We are farmers who raise different types of crops in different regions of our country. Like all farmers, we have lived through difficult periods when bad weather, low prices or weak demand had us doubting we would survive. Whether organic or conventional producers, we all seek the same result – a good harvest and robust markets for our crops.
But at just the time when demand is increasing, we are hamstrung by something over which we really should have more control – our nation’s labor supply.
An unwillingness to consider any type of immigration reform measure when the problem is so well-known is irresponsible. You would expect that complaints and calls for reform from groups as diverse as farmers, high-tech companies, law enforcement and religious leaders would trigger action. Yet, a year after the U.S. Senate passed comprehensive immigration reform, chances for the House to act this year look murky at best. Our current situation is an embarrassment, and failing to act hurts everyone.
Failure to act hurts farmworkers: Skilled farmworkers deserve an opportunity to earn their way to a better future without the threat of deportation. Surely our Congress can come to an agreement on a market-based and flexible program that provides for a legal workforce.
Failure to act hurts farmers and ranchers: Without enough workers, farms and ranches are gradually shrinking, and as a result, farm production is moving overseas. A 2012 survey by the California Farm Bureau in that state alone found that 71 percent of tree fruit growers and nearly 80 percent of raisin and berry growers could not find enough workers for their production needs.
Failure to act hurts our economy: The nonpartisan Congressional Budget Office estimated that the Senate immigration reform bill will increase real gross domestic product by 3.3 percent in 2023 and 5.4 percent in 2033 – an increase of roughly $700 billion in 2023 and $1.4 trillion in 2033 in today’s dollars.

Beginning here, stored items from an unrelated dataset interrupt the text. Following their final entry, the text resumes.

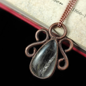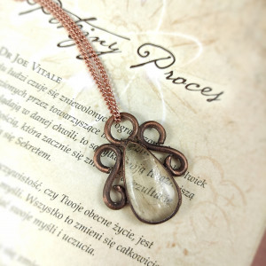 Wisior miedziany kwarc z rutylem Złote Sploty Świtu
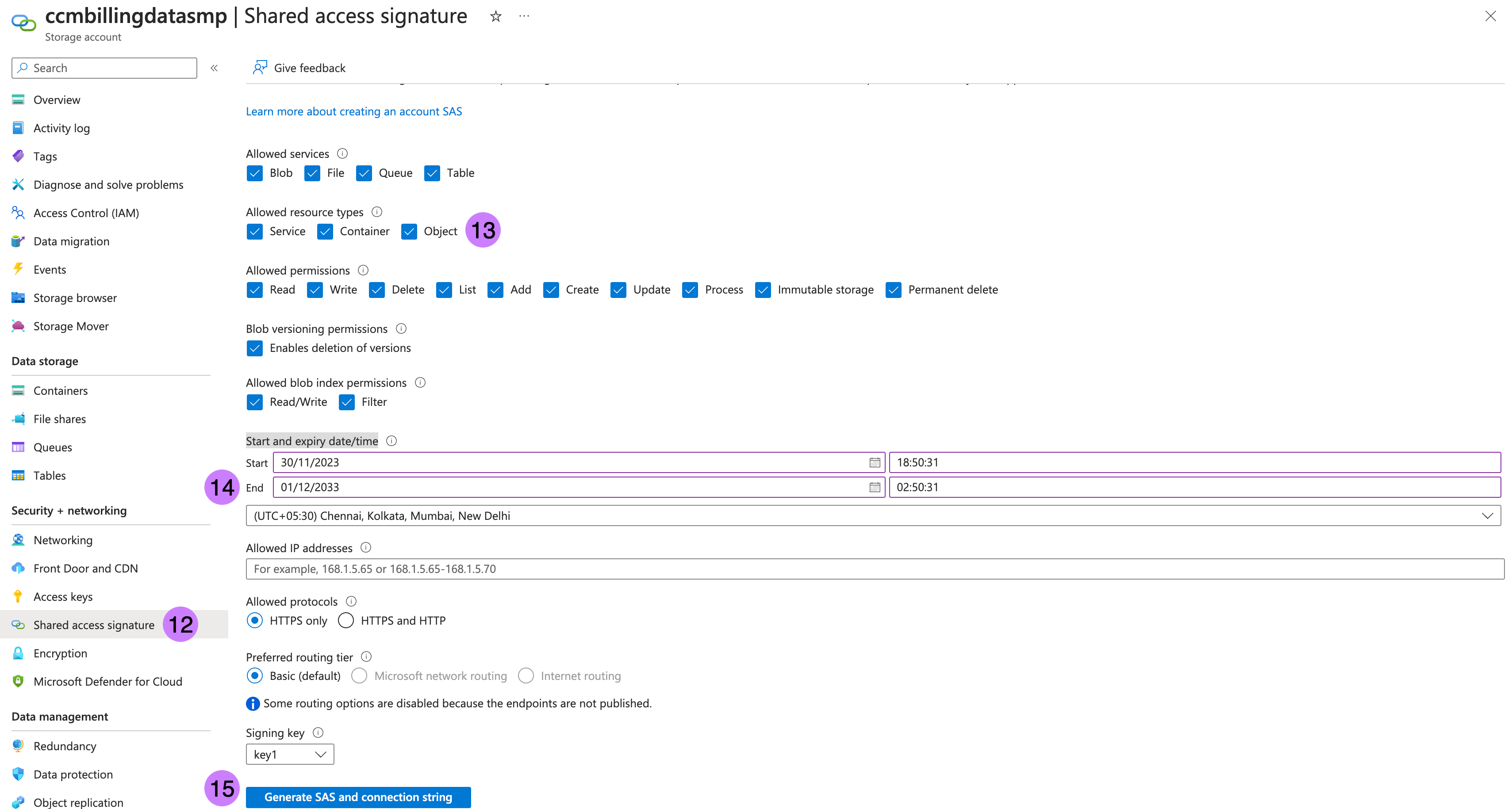 - Click on Generate SAS and connection string. This is required to sync data from multiple source account to destination storage account.
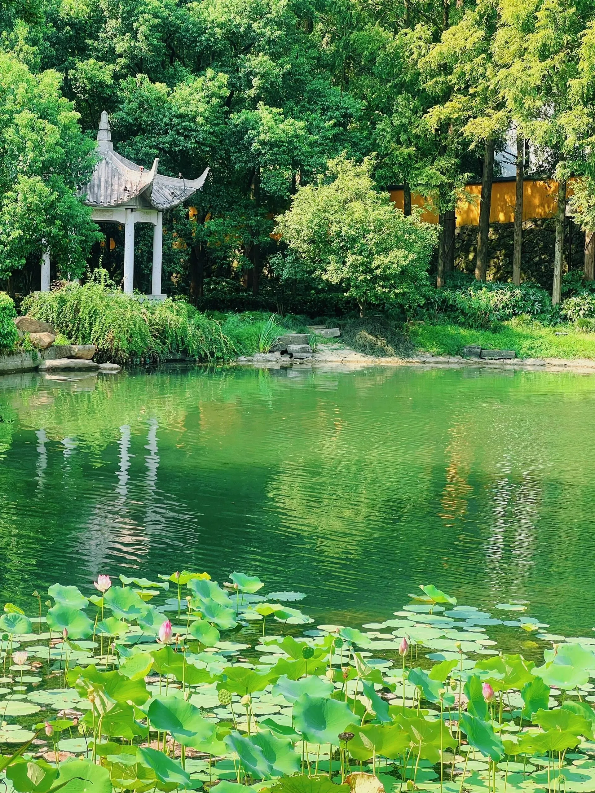 寺内的放生池碧绿清澈,周围凉风习习,十分舒适。池边可以品尝文创雪糕,欣赏古寺庙宇,感受内心的宁静。附近的文创书吧提供咖啡,还可以抄写心经,放空自己。

Failure to act is untenable for our future as a nation: In the next 20 years, 79 million baby-boomer generation Americans will leave the workforce to be replaced by fewer than 50 million Gen Xers and millennials. We simply cannot sustain economic growth, meet our workforce needs, or protect Social Security and Medicare without addressing immigration reform now.
AGree, a food and agriculture policy organization, was launched three years ago to identify and respond to the challenges facing global agriculture. Immigration reform was the first issue on which this very diverse group reached consensus.
We believe our principles serve the interests of producers, workers and the public:
• Develop a practical and economically viable program that allows employers to hire legal foreign workers and protects foreign and U.S. farmworkers.
• Ensure quality of life, good working conditions, and opportunities for food and agriculture workers.
• Provide more opportunities for farmworkers to develop skills and advance their careers within the food and agriculture sector.
The vital role of U.S. agriculture is widely ignored when our stomachs are full and abundance surrounds us. But the steady deterioration and vulnerability of our farm workforce, because of an unworkable immigration policy, are putting our national food system and its economic and health benefits at risk – and in some cases in collapse. We need political leadership on immigration reform now.